Qu’avez-vous fait quand ABBA a arrêté de tourner et d’enregistrer ? Ils n’ont jamais annoncé qu’ils se sépareraient, ils ont juste arrêté de le faire.
« Eh bien, j’ai toujours été freelance. Je travaillais avec beaucoup d’autres groupes et sessions, des emplois à la télévision, des boîtes de nuit et des théâtres, alors je suis juste retourné au travail. J’ai joué avec quatre groupes différents dans les années 80.
« Ces derniers temps, j’ai surtout enregistré certaines de mes propres chansons. J’ai mis 14 chansons sur les plateformes de streaming depuis 2017. Il y a une playlist Spotify qui est disponible sur mon site Internet et un autre arrive bientôt.
« J’ai aussi fait des overdubs pour d’autres personnes, des overdubs de guitare à distance. En ce moment dans le pipeline, il y a un groupe anglais appelé Girl Gone Bad, et il y a une chanteuse danoise de hard-rock. C’est très différent. Parfois il y en a beaucoup, parfois il y en a moins. Je suis en fait à la retraite maintenant, en ce qui concerne la scène.
Alors, maintenant nous arrivons au nouvel album d’ABBA, Voyage. Était-ce une surprise quand ils vous ont appelé?
« En fait, ça a commencé en avril 2017. Benny a appelé et a dit que nous allions faire quelques chansons avec l’ancien groupe. Nous en avons fait deux : J’ai toujours foi en toi et Ne me ferme pas. Il se passait donc quelque chose, mais il semblait que ce serait pour le projet de tournée ABBA qu’ils prévoyaient.

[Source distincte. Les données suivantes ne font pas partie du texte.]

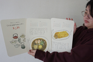 デザイナーの阿部路子さん(よつば舎代表)の絵と、本紙連載中の「北海道方言考 新なまってんだべか」を組み合わせたカレンダー「みちこ と みのるの くいしんぼうカレンダー2021」が完成しました。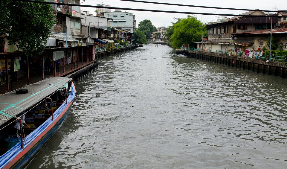 Les canaux disposent d'un transport par bateau, ici le canal de San Sap qui relie la banlieue est au centre ville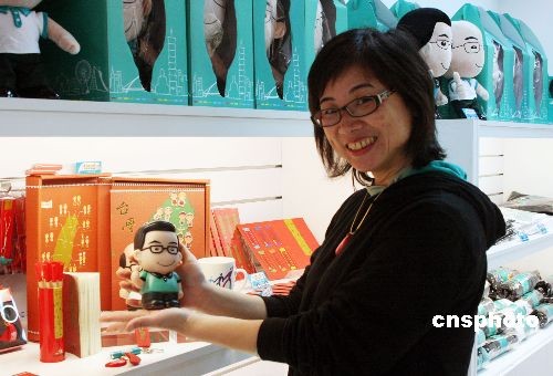 3月10日,有臺北“長仔工坊”業(yè)者展示此次民進(jìn)黨候選人謝長廷、蘇貞昌的創(chuàng)意公仔商品。業(yè)者稱,此番展示的商品,有T恤、手表、文具、飾品、鉛筆、杯墊、鑰匙圈、隨手杯、手機吊飾等,用創(chuàng)意設(shè)計手法,呈現(xiàn)謝、蘇的特質(zhì)、形象,展現(xiàn)臺灣的選舉文化。中新社發(fā) 黃少華 攝

« Puis au printemps 2019, Benny a rappelé et nous avons fait deux autres chansons. Alors je me suis douté de quelque chose. Puis, au début de l’été l’année dernière, nous en avons fait quatre de plus. J’avais entendu dire qu’ils apportaient également deux chansons plus anciennes, mais nous en avons enregistré huit nouvelles.

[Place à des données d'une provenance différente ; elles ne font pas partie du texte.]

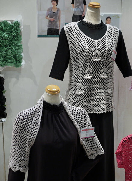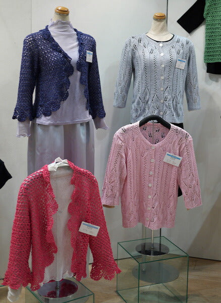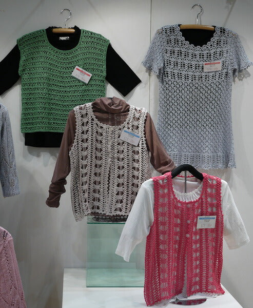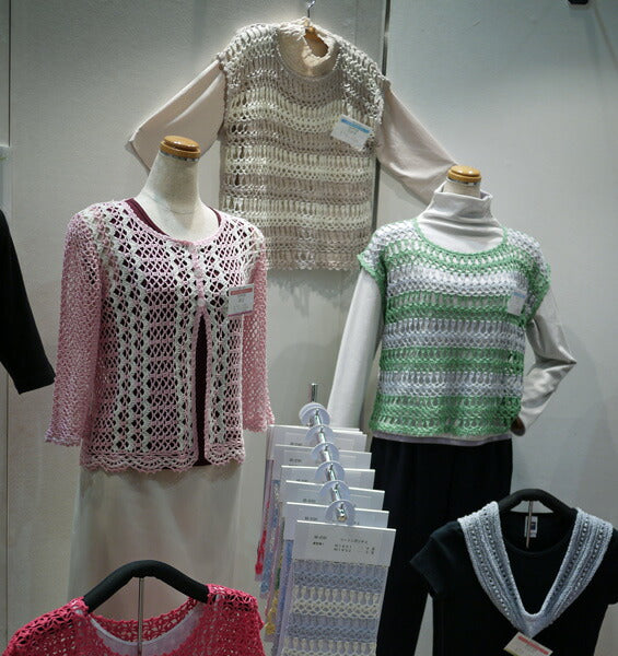 ・編み地は繊細でテープヤーンならではの涼しげな表情、肌触りもさわやかで夏の装いにもぴったりです

Autrefois, il y avait un peu plus de brouillage et d’essais. Cette fois c’était Benny avec son Synclavier. Et il n’y a rien de mal à ça
Le son est toujours clairement ABBA, mais les voix d’Agnetha et d’Anni-Frid se sont enrichies, non ?
« Ils sont un peu plus profonds, oui. C’est naturel, tout le monde descend [as they get older]. Ce sont de très bons chanteurs, tous les deux. Avant ABBA, ils chantaient depuis de nombreuses années dans différents environnements – des groupes de danse et tout ça.
Les techniques d’enregistrement étaient-elles les mêmes cette fois-ci ?
« Il y avait plus de pré-production cette fois. Autrefois, il y avait un peu plus de brouillage et d’essais. Cette fois c’était Benny avec son Synclavier. Et il n’y a rien de mal à ça parce que c’est comme ça qu’on fait de nos jours.
- Voyage est maintenant disponible via Capitol.